**Activity:** Copy the records below in full, changing no character.

**Provided records:**
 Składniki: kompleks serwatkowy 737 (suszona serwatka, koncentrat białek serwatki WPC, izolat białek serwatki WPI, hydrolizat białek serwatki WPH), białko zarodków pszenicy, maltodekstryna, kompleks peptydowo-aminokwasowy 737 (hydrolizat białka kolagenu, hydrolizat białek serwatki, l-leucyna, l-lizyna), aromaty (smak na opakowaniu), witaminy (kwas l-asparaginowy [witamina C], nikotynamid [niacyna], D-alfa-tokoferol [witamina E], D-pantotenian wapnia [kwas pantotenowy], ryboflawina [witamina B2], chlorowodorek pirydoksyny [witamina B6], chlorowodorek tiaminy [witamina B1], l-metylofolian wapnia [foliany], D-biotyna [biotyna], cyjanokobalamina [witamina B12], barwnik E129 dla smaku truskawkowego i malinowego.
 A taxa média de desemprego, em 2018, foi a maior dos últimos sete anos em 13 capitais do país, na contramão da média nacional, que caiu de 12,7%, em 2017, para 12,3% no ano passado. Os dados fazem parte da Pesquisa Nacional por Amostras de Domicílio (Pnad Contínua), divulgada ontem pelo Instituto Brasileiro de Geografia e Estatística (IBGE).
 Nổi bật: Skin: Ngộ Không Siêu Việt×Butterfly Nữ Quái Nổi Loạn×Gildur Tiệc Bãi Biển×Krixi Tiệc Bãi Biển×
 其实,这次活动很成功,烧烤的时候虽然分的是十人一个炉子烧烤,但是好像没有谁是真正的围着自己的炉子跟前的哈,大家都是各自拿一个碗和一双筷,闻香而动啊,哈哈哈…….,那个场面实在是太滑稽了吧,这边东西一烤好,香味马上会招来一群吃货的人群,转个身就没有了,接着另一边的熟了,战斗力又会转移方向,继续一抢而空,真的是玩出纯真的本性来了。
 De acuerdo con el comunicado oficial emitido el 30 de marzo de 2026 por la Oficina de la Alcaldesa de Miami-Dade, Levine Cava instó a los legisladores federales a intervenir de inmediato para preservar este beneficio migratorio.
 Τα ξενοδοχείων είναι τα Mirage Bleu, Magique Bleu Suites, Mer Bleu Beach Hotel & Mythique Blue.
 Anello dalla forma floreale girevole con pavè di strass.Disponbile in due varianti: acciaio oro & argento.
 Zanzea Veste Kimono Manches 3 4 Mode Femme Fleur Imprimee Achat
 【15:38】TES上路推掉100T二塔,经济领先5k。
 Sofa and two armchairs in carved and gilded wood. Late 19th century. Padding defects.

**Result for this task:**
 Składniki: kompleks serwatkowy 737 (suszona serwatka, koncentrat białek serwatki WPC, izolat białek serwatki WPI, hydrolizat białek serwatki WPH), białko zarodków pszenicy, maltodekstryna, kompleks peptydowo-aminokwasowy 737 (hydrolizat białka kolagenu, hydrolizat białek serwatki, l-leucyna, l-lizyna), aromaty (smak na opakowaniu), witaminy (kwas l-asparaginowy [witamina C], nikotynamid [niacyna], D-alfa-tokoferol [witamina E], D-pantotenian wapnia [kwas pantotenowy], ryboflawina [witamina B2], chlorowodorek pirydoksyny [witamina B6], chlorowodorek tiaminy [witamina B1], l-metylofolian wapnia [foliany], D-biotyna [biotyna], cyjanokobalamina [witamina B12], barwnik E129 dla smaku truskawkowego i malinowego.
 A taxa média de desemprego, em 2018, foi a maior dos últimos sete anos em 13 capitais do país, na contramão da média nacional, que caiu de 12,7%, em 2017, para 12,3% no ano passado. Os dados fazem parte da Pesquisa Nacional por Amostras de Domicílio (Pnad Contínua), divulgada ontem pelo Instituto Brasileiro de Geografia e Estatística (IBGE).
 Nổi bật: Skin: Ngộ Không Siêu Việt×Butterfly Nữ Quái Nổi Loạn×Gildur Tiệc Bãi Biển×Krixi Tiệc Bãi Biển×
 其实,这次活动很成功,烧烤的时候虽然分的是十人一个炉子烧烤,但是好像没有谁是真正的围着自己的炉子跟前的哈,大家都是各自拿一个碗和一双筷,闻香而动啊,哈哈哈…….,那个场面实在是太滑稽了吧,这边东西一烤好,香味马上会招来一群吃货的人群,转个身就没有了,接着另一边的熟了,战斗力又会转移方向,继续一抢而空,真的是玩出纯真的本性来了。
 De acuerdo con el comunicado oficial emitido el 30 de marzo de 2026 por la Oficina de la Alcaldesa de Miami-Dade, Levine Cava instó a los legisladores federales a intervenir de inmediato para preservar este beneficio migratorio.
 Τα ξενοδοχείων είναι τα Mirage Bleu, Magique Bleu Suites, Mer Bleu Beach Hotel & Mythique Blue.
 Anello dalla forma floreale girevole con pavè di strass.Disponbile in due varianti: acciaio oro & argento.
 Zanzea Veste Kimono Manches 3 4 Mode Femme Fleur Imprimee Achat
 【15:38】TES上路推掉100T二塔,经济领先5k。
 Sofa and two armchairs in carved and gilded wood. Late 19th century. Padding defects.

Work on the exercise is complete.